Record set:
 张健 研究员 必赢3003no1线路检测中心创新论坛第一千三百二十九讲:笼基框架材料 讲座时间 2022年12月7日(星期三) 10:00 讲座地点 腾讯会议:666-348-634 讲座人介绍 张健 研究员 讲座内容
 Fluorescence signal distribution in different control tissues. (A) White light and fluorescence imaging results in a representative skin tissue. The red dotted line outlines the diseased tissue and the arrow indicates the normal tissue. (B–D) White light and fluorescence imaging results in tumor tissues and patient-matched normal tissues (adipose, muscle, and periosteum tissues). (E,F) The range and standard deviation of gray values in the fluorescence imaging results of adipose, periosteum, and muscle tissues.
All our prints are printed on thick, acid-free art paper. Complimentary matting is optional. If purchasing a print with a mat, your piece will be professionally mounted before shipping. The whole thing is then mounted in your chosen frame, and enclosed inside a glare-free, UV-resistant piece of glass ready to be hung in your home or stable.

* * *

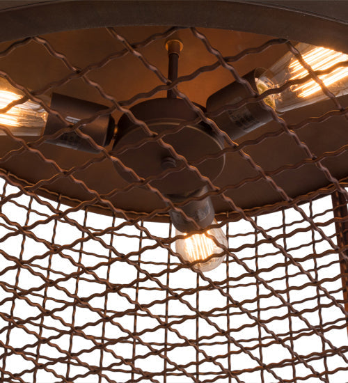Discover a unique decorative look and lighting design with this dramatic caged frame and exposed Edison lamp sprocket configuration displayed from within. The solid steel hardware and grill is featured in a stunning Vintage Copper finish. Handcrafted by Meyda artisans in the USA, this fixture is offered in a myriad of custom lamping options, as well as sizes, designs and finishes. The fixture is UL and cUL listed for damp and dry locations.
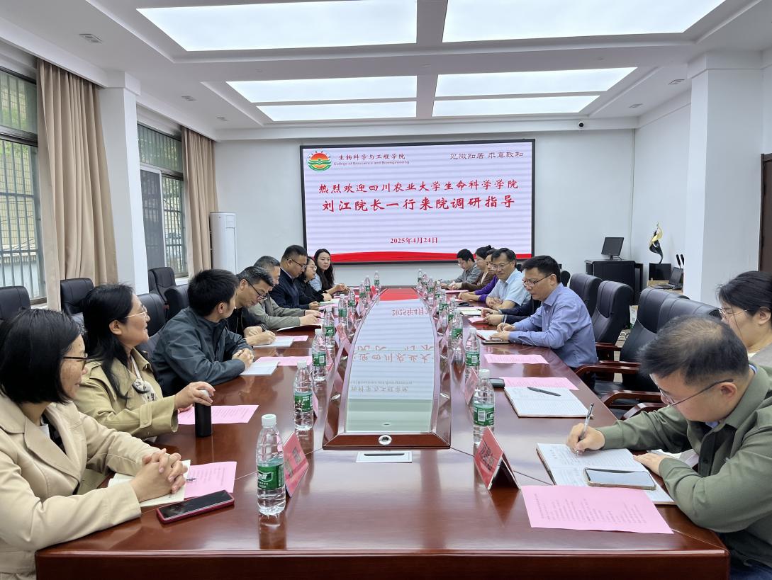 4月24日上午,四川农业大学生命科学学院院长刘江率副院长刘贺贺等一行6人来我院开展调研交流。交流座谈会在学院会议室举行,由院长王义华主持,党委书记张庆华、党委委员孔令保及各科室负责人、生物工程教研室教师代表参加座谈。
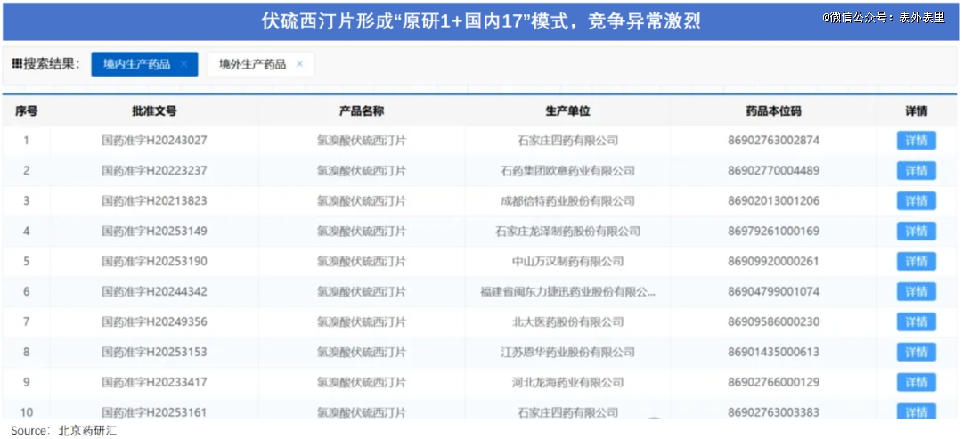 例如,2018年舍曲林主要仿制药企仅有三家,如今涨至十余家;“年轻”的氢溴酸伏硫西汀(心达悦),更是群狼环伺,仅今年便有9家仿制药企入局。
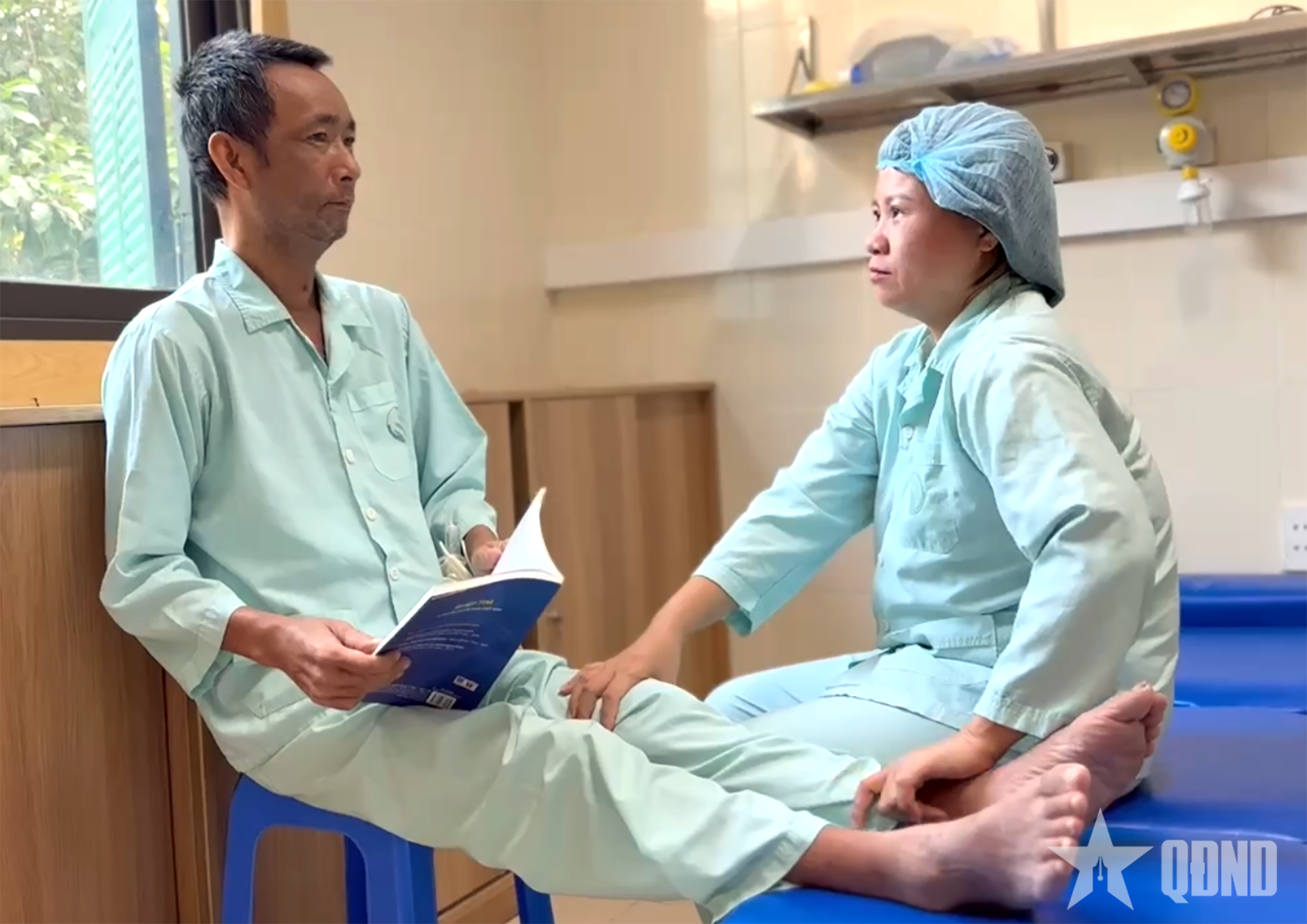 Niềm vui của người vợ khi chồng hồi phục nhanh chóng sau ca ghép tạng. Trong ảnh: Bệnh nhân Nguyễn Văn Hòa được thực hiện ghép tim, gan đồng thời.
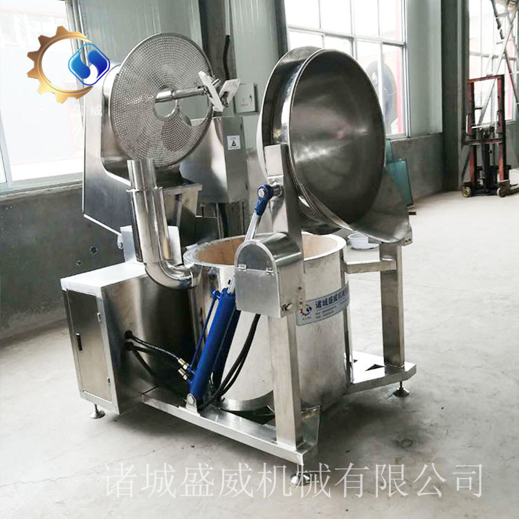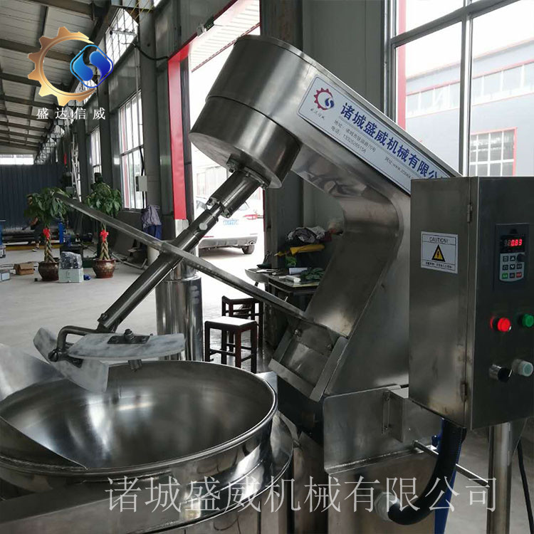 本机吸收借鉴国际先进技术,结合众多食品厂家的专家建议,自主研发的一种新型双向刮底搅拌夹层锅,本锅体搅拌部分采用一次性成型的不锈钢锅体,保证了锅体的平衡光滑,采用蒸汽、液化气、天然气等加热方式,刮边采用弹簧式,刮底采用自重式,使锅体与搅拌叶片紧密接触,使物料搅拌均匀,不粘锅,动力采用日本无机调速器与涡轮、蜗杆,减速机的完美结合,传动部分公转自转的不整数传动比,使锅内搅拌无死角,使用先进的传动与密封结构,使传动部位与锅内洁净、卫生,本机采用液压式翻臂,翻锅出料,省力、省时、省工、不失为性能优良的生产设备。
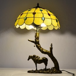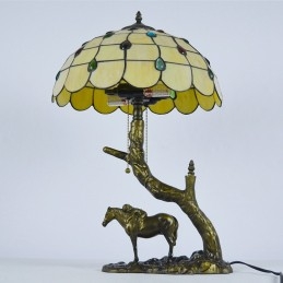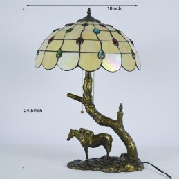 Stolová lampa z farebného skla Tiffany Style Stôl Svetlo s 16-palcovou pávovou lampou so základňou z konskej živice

Exercise goal:
Set down only the lines above that fall between the line holding "张健 研究员 必赢3003no1线路检测中心创新论坛第一千三百二十九讲:笼基框架材料" and the line holding "All our prints", inclusive, keeping each exact.

Reply to the exercise:
 张健 研究员 必赢3003no1线路检测中心创新论坛第一千三百二十九讲:笼基框架材料 讲座时间 2022年12月7日(星期三) 10:00 讲座地点 腾讯会议:666-348-634 讲座人介绍 张健 研究员 讲座内容
 Fluorescence signal distribution in different control tissues. (A) White light and fluorescence imaging results in a representative skin tissue. The red dotted line outlines the diseased tissue and the arrow indicates the normal tissue. (B–D) White light and fluorescence imaging results in tumor tissues and patient-matched normal tissues (adipose, muscle, and periosteum tissues). (E,F) The range and standard deviation of gray values in the fluorescence imaging results of adipose, periosteum, and muscle tissues.
All our prints are printed on thick, acid-free art paper. Complimentary matting is optional. If purchasing a print with a mat, your piece will be professionally mounted before shipping. The whole thing is then mounted in your chosen frame, and enclosed inside a glare-free, UV-resistant piece of glass ready to be hung in your home or stable.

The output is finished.